*Activity:* Exactly as they appear below, repeat the lines from the one with "A tiny boy in" through the one with "国济堂·大吉大梨燕窝枇杷炖梨礼盒(252*8)", and no others.

[Records shown]

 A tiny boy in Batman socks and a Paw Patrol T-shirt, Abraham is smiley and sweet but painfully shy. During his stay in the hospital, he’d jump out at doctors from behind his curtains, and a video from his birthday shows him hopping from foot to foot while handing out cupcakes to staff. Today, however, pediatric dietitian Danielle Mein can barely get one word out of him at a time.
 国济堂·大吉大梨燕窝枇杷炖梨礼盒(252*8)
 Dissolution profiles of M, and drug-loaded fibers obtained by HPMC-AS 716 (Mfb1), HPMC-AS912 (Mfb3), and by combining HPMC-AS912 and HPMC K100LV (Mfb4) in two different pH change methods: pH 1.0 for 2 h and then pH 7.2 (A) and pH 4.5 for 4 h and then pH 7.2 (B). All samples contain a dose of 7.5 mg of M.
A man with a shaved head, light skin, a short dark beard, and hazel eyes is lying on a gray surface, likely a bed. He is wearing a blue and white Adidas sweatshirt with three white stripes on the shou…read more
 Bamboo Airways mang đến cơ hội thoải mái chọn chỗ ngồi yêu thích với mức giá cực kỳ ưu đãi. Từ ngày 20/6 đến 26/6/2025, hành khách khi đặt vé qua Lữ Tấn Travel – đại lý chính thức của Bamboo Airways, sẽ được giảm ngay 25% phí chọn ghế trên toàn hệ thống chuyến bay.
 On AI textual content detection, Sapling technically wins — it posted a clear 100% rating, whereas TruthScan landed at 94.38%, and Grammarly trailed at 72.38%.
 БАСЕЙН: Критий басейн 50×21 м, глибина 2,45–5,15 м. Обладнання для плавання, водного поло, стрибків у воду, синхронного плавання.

[/Records shown]
[Records shown]

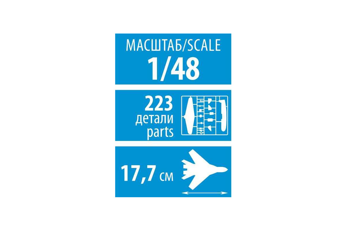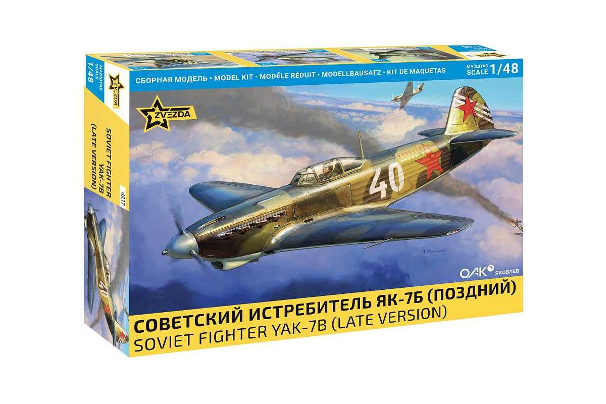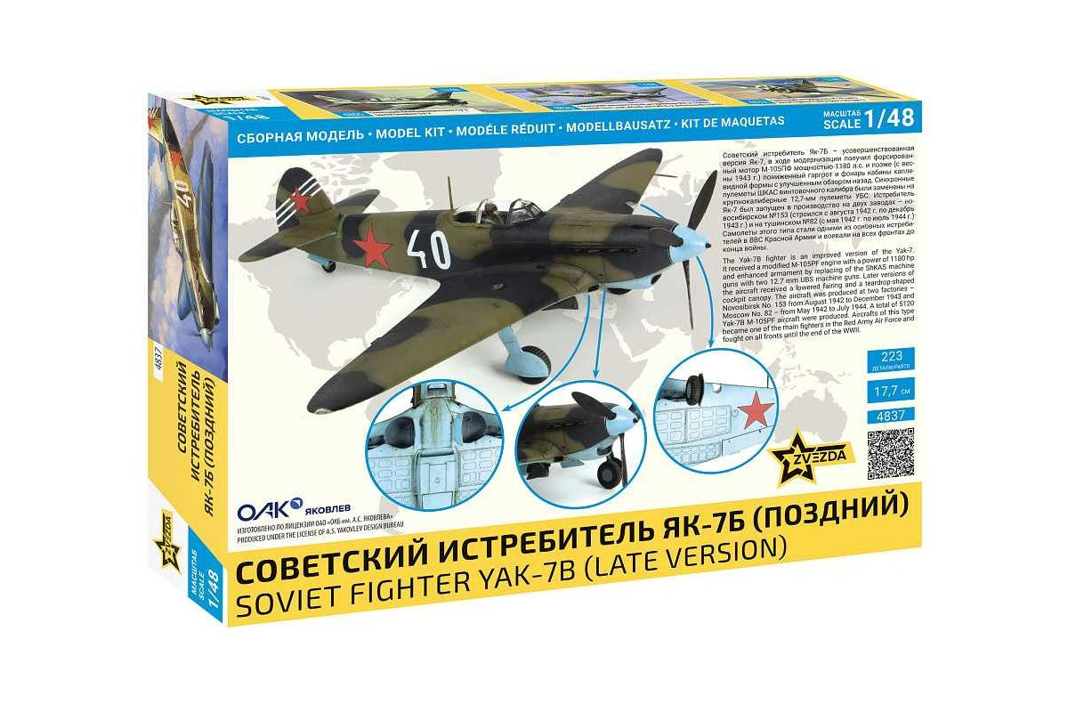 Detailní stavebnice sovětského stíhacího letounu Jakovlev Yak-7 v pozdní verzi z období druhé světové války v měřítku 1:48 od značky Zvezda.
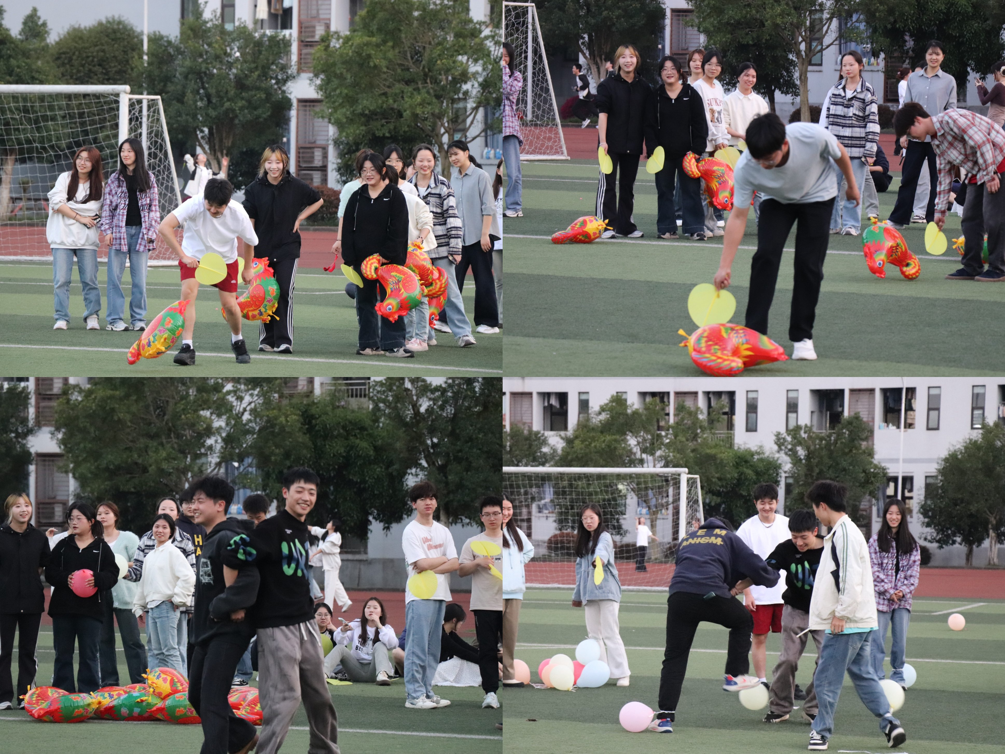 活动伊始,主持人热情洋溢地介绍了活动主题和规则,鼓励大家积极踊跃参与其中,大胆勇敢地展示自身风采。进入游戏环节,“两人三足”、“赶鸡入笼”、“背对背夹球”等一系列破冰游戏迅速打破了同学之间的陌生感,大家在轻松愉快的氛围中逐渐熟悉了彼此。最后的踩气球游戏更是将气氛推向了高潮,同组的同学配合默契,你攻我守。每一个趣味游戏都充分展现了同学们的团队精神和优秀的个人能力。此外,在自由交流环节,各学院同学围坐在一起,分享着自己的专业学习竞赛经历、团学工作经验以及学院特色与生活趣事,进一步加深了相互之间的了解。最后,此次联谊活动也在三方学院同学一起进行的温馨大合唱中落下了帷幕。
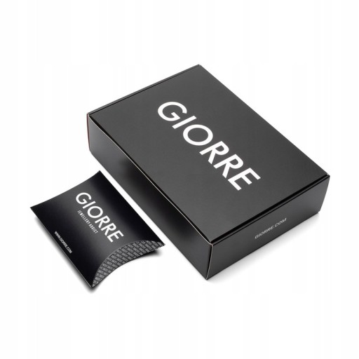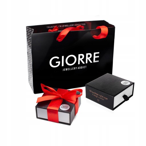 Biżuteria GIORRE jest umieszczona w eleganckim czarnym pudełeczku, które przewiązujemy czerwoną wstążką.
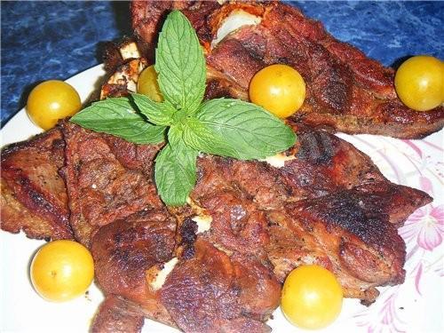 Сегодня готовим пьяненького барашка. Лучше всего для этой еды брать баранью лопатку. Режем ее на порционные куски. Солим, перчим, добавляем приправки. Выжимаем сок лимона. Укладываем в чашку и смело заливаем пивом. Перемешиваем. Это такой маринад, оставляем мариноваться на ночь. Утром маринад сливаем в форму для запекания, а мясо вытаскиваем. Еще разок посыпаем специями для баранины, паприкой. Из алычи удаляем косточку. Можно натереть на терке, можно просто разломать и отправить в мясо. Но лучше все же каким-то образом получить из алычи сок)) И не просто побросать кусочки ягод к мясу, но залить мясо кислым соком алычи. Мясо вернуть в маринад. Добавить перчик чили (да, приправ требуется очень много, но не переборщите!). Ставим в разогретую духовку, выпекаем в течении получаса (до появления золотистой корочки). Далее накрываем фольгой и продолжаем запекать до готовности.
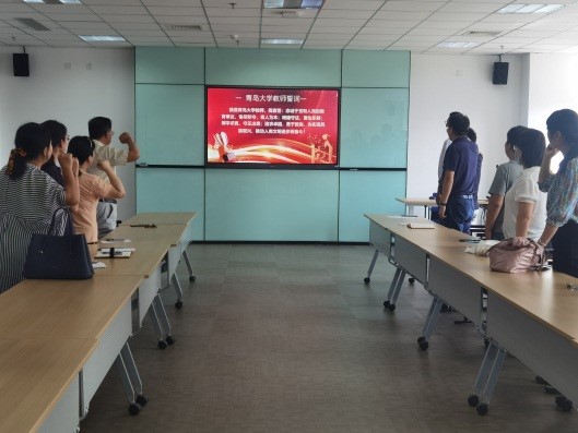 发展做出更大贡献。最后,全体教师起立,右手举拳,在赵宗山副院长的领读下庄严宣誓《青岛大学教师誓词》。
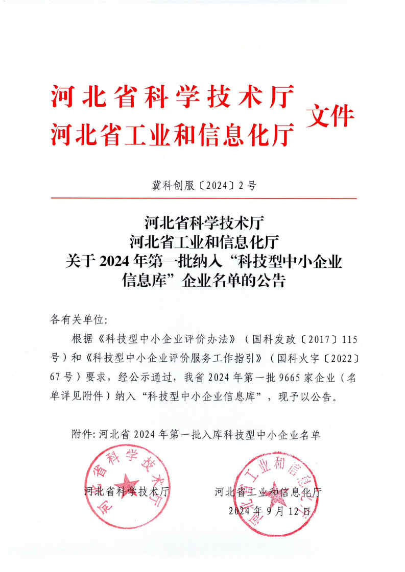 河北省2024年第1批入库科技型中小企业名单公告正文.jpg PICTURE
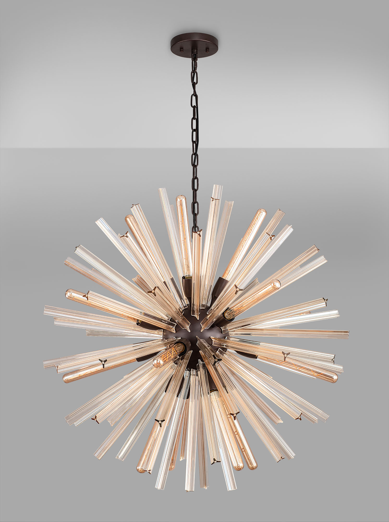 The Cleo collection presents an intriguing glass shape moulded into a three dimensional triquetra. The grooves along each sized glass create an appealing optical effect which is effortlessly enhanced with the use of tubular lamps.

[/Records shown]

*Finished task:*
 A tiny boy in Batman socks and a Paw Patrol T-shirt, Abraham is smiley and sweet but painfully shy. During his stay in the hospital, he’d jump out at doctors from behind his curtains, and a video from his birthday shows him hopping from foot to foot while handing out cupcakes to staff. Today, however, pediatric dietitian Danielle Mein can barely get one word out of him at a time.
 国济堂·大吉大梨燕窝枇杷炖梨礼盒(252*8)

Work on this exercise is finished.